(AVAILABLE DATA)

■ ■ ■ ■

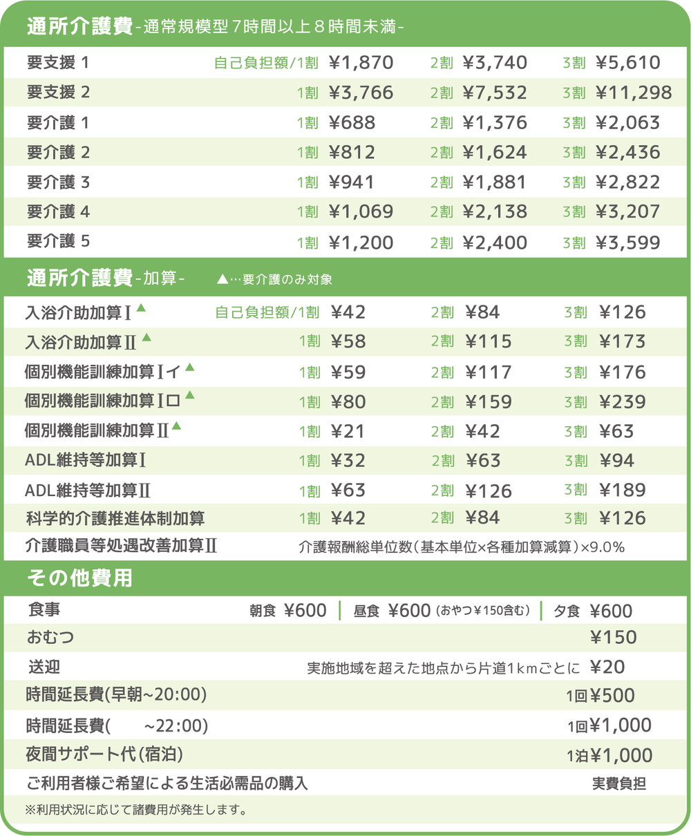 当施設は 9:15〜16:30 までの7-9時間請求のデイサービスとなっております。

■ ■ ■ ■

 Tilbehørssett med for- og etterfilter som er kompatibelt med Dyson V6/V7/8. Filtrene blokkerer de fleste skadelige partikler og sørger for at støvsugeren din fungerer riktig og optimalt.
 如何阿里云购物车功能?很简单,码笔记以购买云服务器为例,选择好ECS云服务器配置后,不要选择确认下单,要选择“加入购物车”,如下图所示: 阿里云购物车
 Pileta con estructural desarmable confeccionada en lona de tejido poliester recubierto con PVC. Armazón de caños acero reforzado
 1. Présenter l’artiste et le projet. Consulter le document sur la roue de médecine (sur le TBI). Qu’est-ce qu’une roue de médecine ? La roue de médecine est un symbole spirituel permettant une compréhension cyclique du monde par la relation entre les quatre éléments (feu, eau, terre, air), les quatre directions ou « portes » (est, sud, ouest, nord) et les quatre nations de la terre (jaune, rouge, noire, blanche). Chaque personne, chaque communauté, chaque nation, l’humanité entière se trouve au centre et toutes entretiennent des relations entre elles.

■ ■ ■ ■

(EXERCISE AIM) Keep both end lines and retype everything in the records above from the line containing "如何阿里云购物车功能?很简单" through the line containing "Pileta con estructural", exactly, with nothing else.

(SOLUTION TO THIS EXERCISE)
 如何阿里云购物车功能?很简单,码笔记以购买云服务器为例,选择好ECS云服务器配置后,不要选择确认下单,要选择“加入购物车”,如下图所示: 阿里云购物车
 Pileta con estructural desarmable confeccionada en lona de tejido poliester recubierto con PVC. Armazón de caños acero reforzado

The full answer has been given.